# Elementary school teaching



## annemarieR (Jul 1, 2012)

I am new to this forum and would appreciate it if anyone could advise me with regards to my chances of getting a job as an elementary school teacher preferably in Ontario but I would consider anywhere in Canada. I have a Bachelor of Education degree from an Irish university and have 13 years teaching experience of all ages from 3-12. I am 46 years old. Would that go against me? Any help much appreciated.


----------



## Auld Yin (Mar 10, 2009)

Your age would not be a factor however Canada is able to fund its education requirements from within. Most teachers coming here would require to take substitute positions until permanent ones become available. You would also need to get your qualifications equivalized to Canadian requirements.


----------



## annemarieR (Jul 1, 2012)

Auld Yin said:


> Your age would not be a factor however Canada is able to fund its education requirements from within. Most teachers coming here would require to take substitute positions until permanent ones become available. You would also need to get your qualifications equivalized to Canadian requirements.

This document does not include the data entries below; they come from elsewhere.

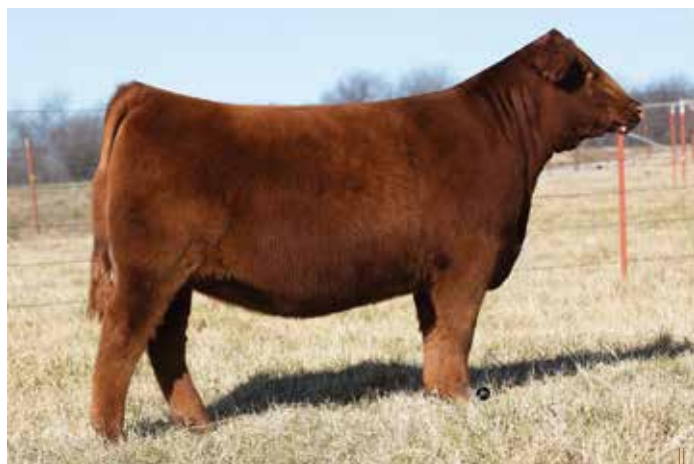
PL MISS NOVEMBER 769E Dam of Lot 42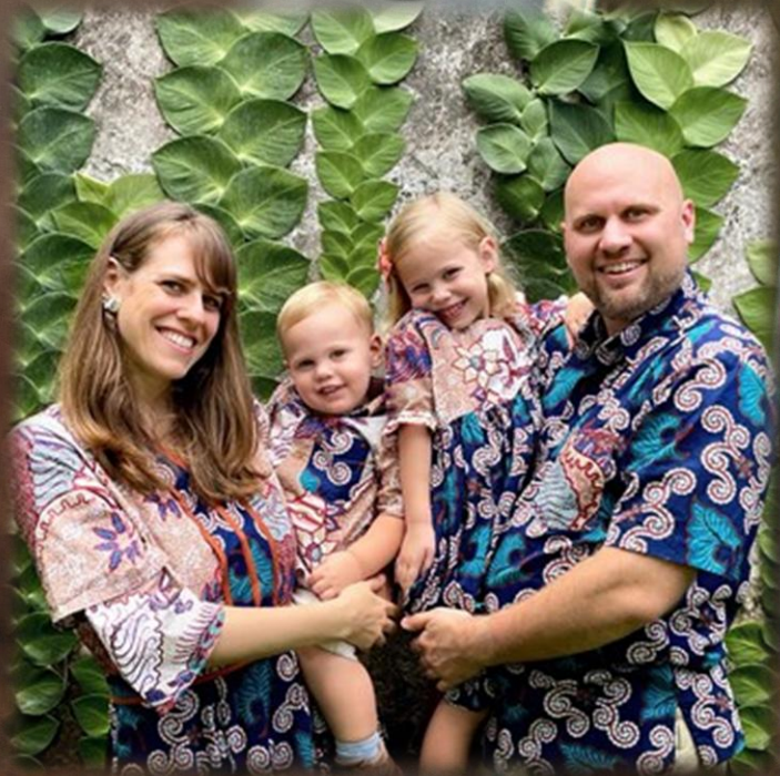
The Hoobyar's – Asia Pacific

We've been able to expand our global reach by supporting these families serving in Muslim-majority areas: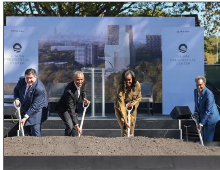
Obama Presidential Center Operational Planning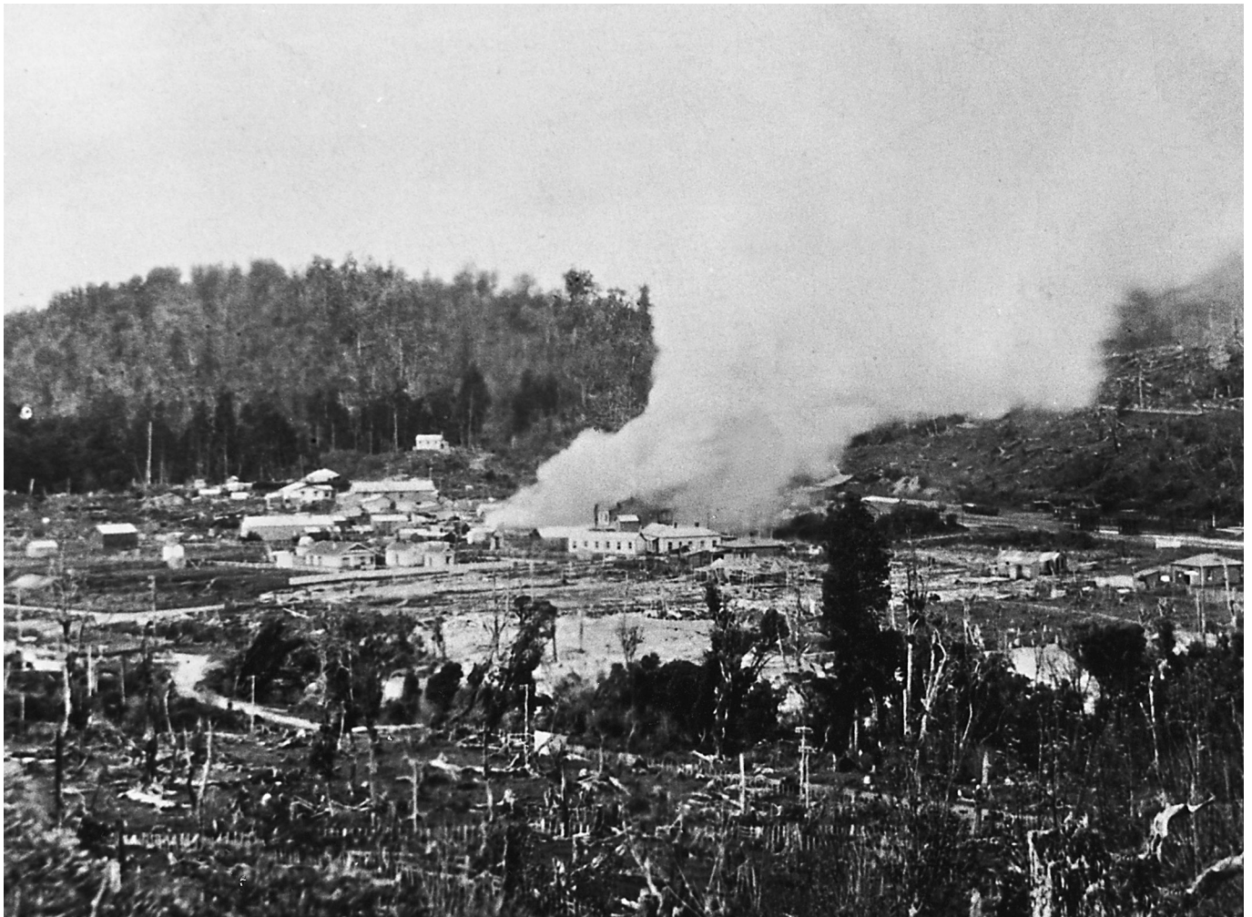
A dramatic moment in history is caught in this snapshot. The fire already has a good hold when the unknown photographer stops to record his first view of the disaster which wiped out the main street of Raurimu. The Spiral is in the right background.

photo courtesy Brosnan collection (ref: 13976).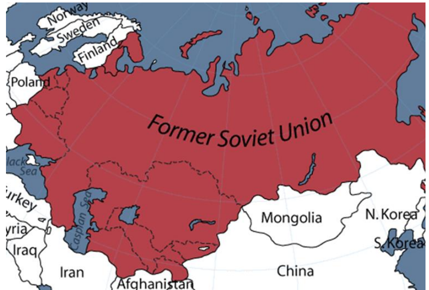
Figure 3: Map of the Soviet Union's borders in 1979 prior to their invasion of Afghanistan

The Soviet invasion of Afghanistan on the 24 th of December 1979 was another event that substantially shifted Middle-Eastern and Western relations. The USSR aimed to strengthen a communist neighbour with the invasion (Figure 3) but faced fierce resistance from local Mujahedeen freedom fighters. These Islamic groups consisted of divided factions that rose from local militia or warlords, with the seven major groups uniting as the Islamic Unity of Afghanistan Mujahideen due to the support of outside countries. 38 The US in particular played a significant role in the Afghan-Soviet war, providing the Mujahedeen with money, rations and weapons such as the Stinger Missile. 39 The leaders of different Mujahedeen factions were appointed for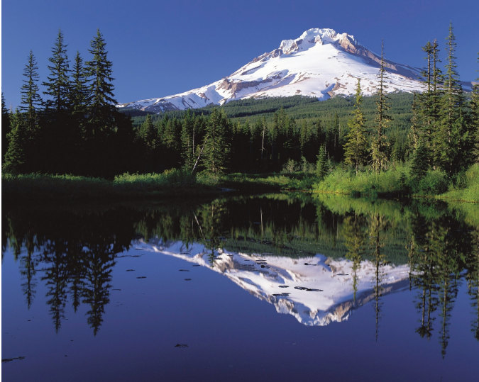
Mt. Hood Reflected in Mirror Lake

Mount Hood is a famous place to visit in Oregon. You can see the mountain from many places in the state. It is about 50 miles from Portland. You can drive from the city to the mountain in about one hour.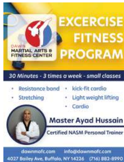
Dawn Martial Arts and Fitness Center

Thanks for your prompt response. Any idea how I would get my qualifications recognized in Canada? I cannot find an answer on the web but maybe I'm looking in the wrong places?


----------



## EVHB (Feb 11, 2008)

Every province has its own regulations. Here you can find the info for Ontario:
Internationally Educated Teachers - The Ontario College of Teachers


----------



## annemarieR (Jul 1, 2012)

EVHB said:


> Every province has its own regulations. Here you can find the info for Ontario:
> 
> Thanks for that information. It was very helpful and I now realise what I need to do for Ontario. Very much appreciated.


----------



## minimouse (Oct 18, 2011)

Apparently teaching is an over saturated market, I arrived here 6 months ago and with the hopes of teaching once I settled in with my husband and now 18 month old. Nearly everyone I've meet has said teaching in the Greater Toronto Area is near impossible to break into. I've started the process of getting my teacher registration with the Ontatio College of Teachers and I am looking at applying to the local boards in my area. Peel District and Toronto District School Board. You can also apply to the Catholic boards but you need to be trained in RE and be a practising Catholic. There are other boards too.

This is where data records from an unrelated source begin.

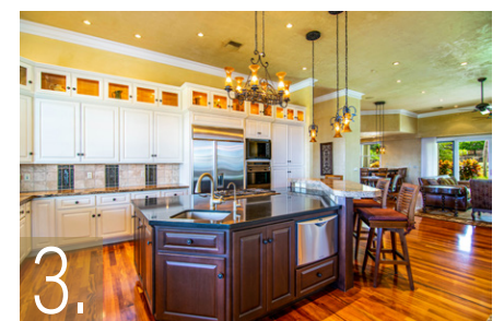
3. 65 Wili Okai Way by Greg Burns page 30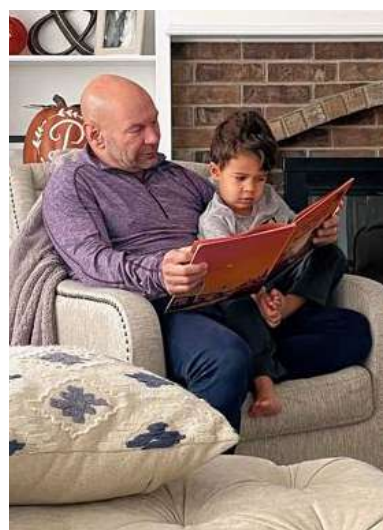
Making memories with grandparents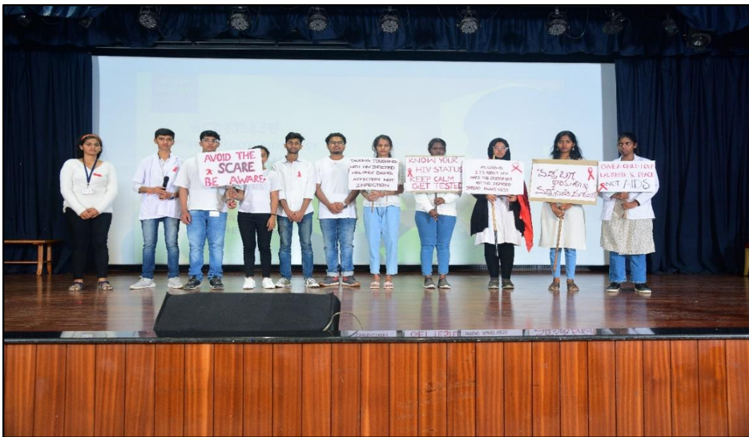
Students performing stage drama on behalf of the World AIDS Day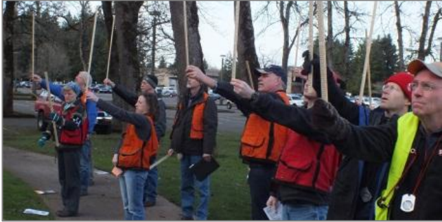
Forest measurement lab at Tree School 2012.

The same field gear used by hundreds of young students at Hopkins during our forest science programs was used for a forest measurements lab at Tree School. Over 600 people attended one or more of 68 classes held on the CCC campus.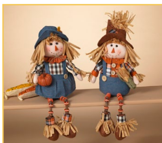
15" Plush Scarecrow Shelf Sitter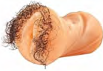
#1 Tight, hairy pussy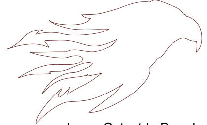
Laser Cutout In Barrel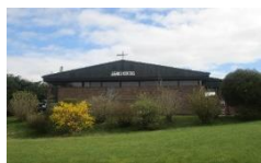
St Fergus 94 Glenogil Terrace FORFAR Angus DD8 1NG

I'm not holding out much hope of finding a job and if I had known this before we moved I would have not allowed my husband to take up employment here in Canada.


----------



## emma329 (May 21, 2012)

Ah what a shame.You sound like your having a bit of a tough time.Where do u live?We are thinking of moving to a quieter city close to Toronto.I was hoping to train as a teaching assistant.Do u think I'll struggle getting a job in the Toronto area?


----------



## minimouse (Oct 18, 2011)

emma329 said:


> Ah what a shame.You sound like your having a bit of a tough time.Where do u live?We are thinking of moving to a quieter city close to Toronto.I was hoping to train as a teaching assistant.Do u think I'll struggle getting a job in the Toronto area?

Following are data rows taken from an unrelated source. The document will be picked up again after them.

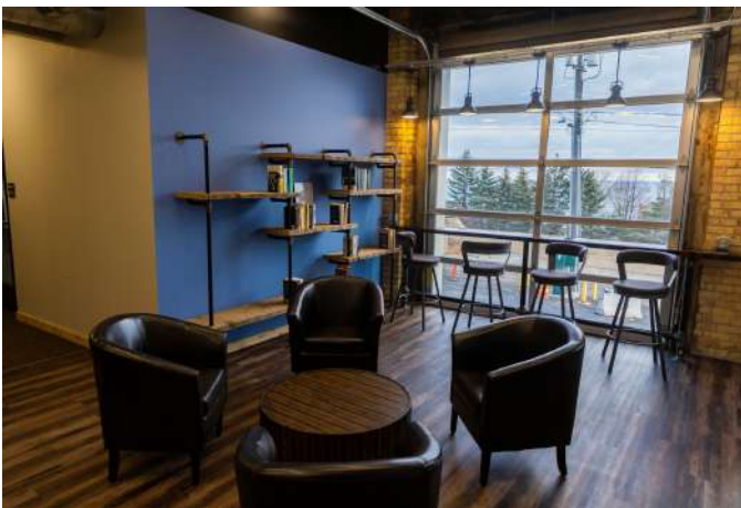
Collaborative team science space, library and kitchen, with views of Lake Superior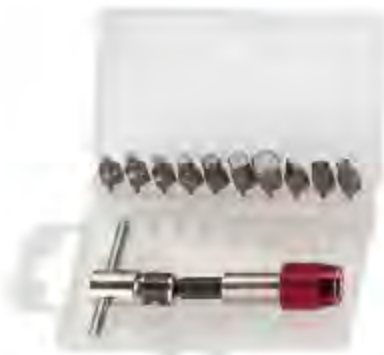
GHT-156 12-PC T-bit set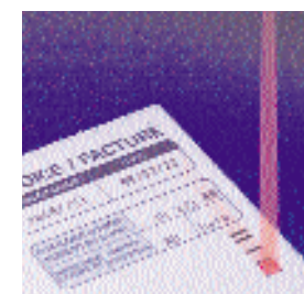
Optical Mark Recognition module (OMR) is available for grouping variable page sets of documents together automatically.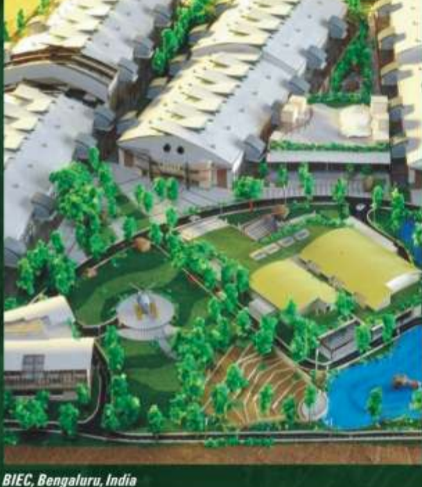
BIEC, Bengaluru, India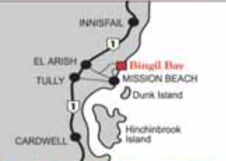
Mission Beach to Townsville 230km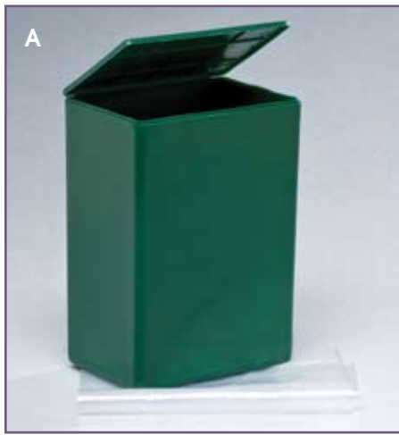
A. KEL-DELUXE PLASTIC TEMPORARY URN One-piece construction in high-impact plastic; cremains liner and nylon cable tie are included; mailing box sold separately. Snap-lock lid; 6.125"L x 4.25"D x 8.5"H; 215 cu. in. 570656 Urn 570664 Urn, Case of 24 570672 Mailing box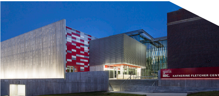
Girls, Inc. / Omaha, NE Genwall / Sieccoline / Misc. / Zinc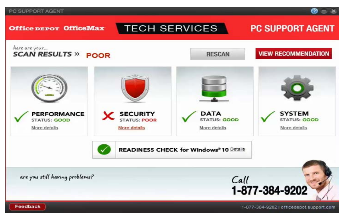
Figure 4: PC Health Check Program final scan results page (2016 in-store version)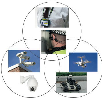
Figure 4: Camera network platforms vary, leading to platform heterogeneity. BWV/IBV has received little attention so far from the research community.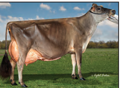
ARETHUSA HG VICTORIA-ET Sister to the Grandam of Lot 7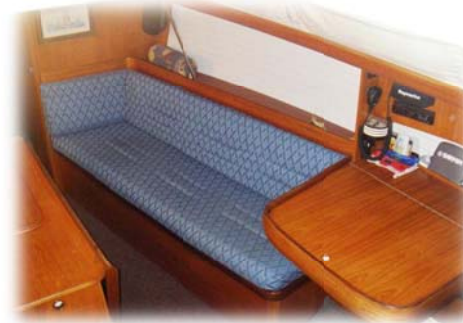
Αυθεντικές φωτογραφίες του σκάφους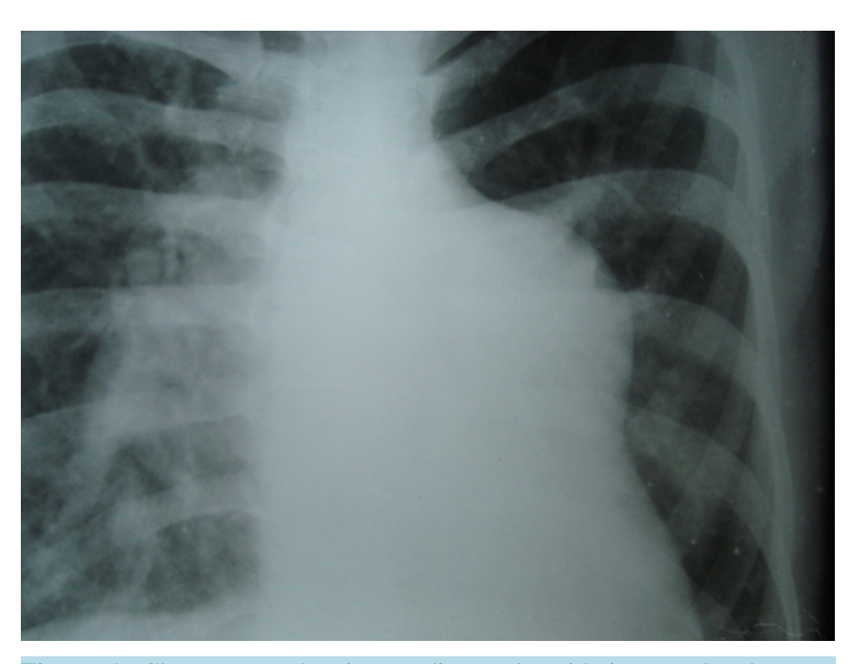
Figure 1. Chest X-ray showing cardiomegaly with increased pulmonary vascularity along with a prominent convexity on left margin of cardiac shadow, suggestive of rudimentary outlet chamber.

Double-inlet left-ventricle accounts for about 1% of all congenital heart malformations. Holmes heart, i.e. double-inlet left ventricle with normally related great arteries, is still rare. There is no precise information regarding the prevalence of Holmes heart, apart from a few case reports in the modern literature. The characteristic features of Holmes heart include absence of the sinus (body or inflow tract), double-inlet left-ventricle, and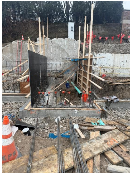
Figure 8: Addition view of forms for new stairs being installed.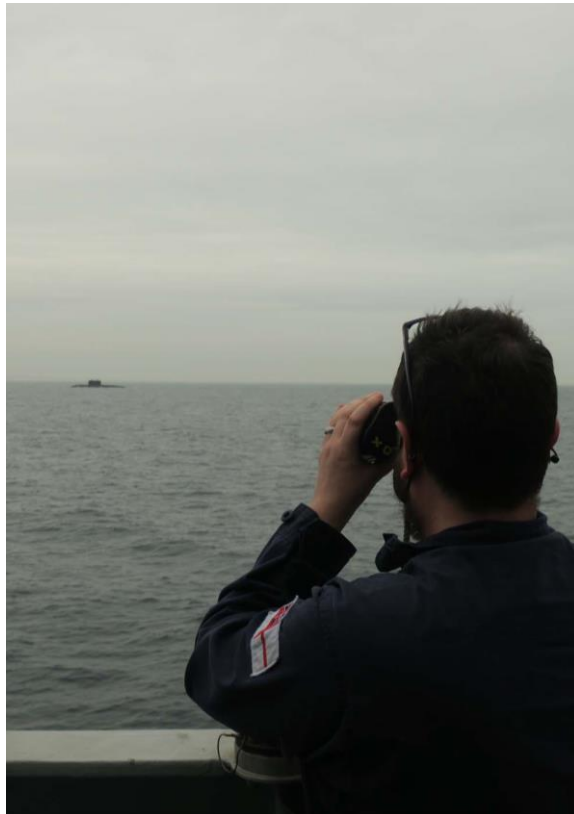
Monitoring the submarine

Yes I think so too  Not what you want to hear sorry but ECE in high demand here.


----------



## emma329 (May 21, 2012)

I'll have to see what I plan to do.Im a qualified nanny so I've also got that or could do some house keeping till I get on my feet x


----------



## minimouse (Oct 18, 2011)

You could work in ECE over here as a Childcare assistant but not sure about the pay and there are also nannying jobs here too.


----------



## emma329 (May 21, 2012)

What do u mean by ECE?Ive used to be a nursery nurse in nurseries and then became a nanny and noticed that nannies aren't paid a forest deal in Canada so thought id look into training to be a teaching assistant for a change of role.Do you know what qualification teaching assistants get in Canada?Im wondering if it's the same as here in England?It's probably better to train in Canada tho x


----------



## minimouse (Oct 18, 2011)

An Early Childhood Education teaching degree


----------



## emma329 (May 21, 2012)

Do you know if I'd need that qualification to be a teaching assistant or another type if childcare assistant?I qualified as a nursery nurse in England when I was at college and that is called an NNEB in Nursery Nursing which is a diploma so I'm not sure if that can be transferred as an acceptable qualification or if I'd have to re-train x


----------



## chan_konabe (Mar 8, 2009)

The regulating body for teachers in BC is the BC Teacher Regulation Branch. This recently replaced the BC College of Teachers.

Similar to Ontario, there is a surplus of teachers in some areas of BC. Most notably around Vancouver and Victoria. However, outside of these communities (like, perhaps, outside of Toronto and its surroundings), more opportunities abound. I'm in a mid-sized city in BC outside of those areas above and, yes, new teachers must do casual work as Teachers-on-Call (TOCs) when they start. But they only do so for about one year until they're picked up by temporary contracts and then, soon after, get permanent contracts. I've met teachers in Vancouver and Victoria who are still do TOC work for 5-7 years without any signs of any contract. I know that a lot of people like the appeal of large cities, but you'll find better opportunities for teaching if you look at other small and mid-sized cities.


----------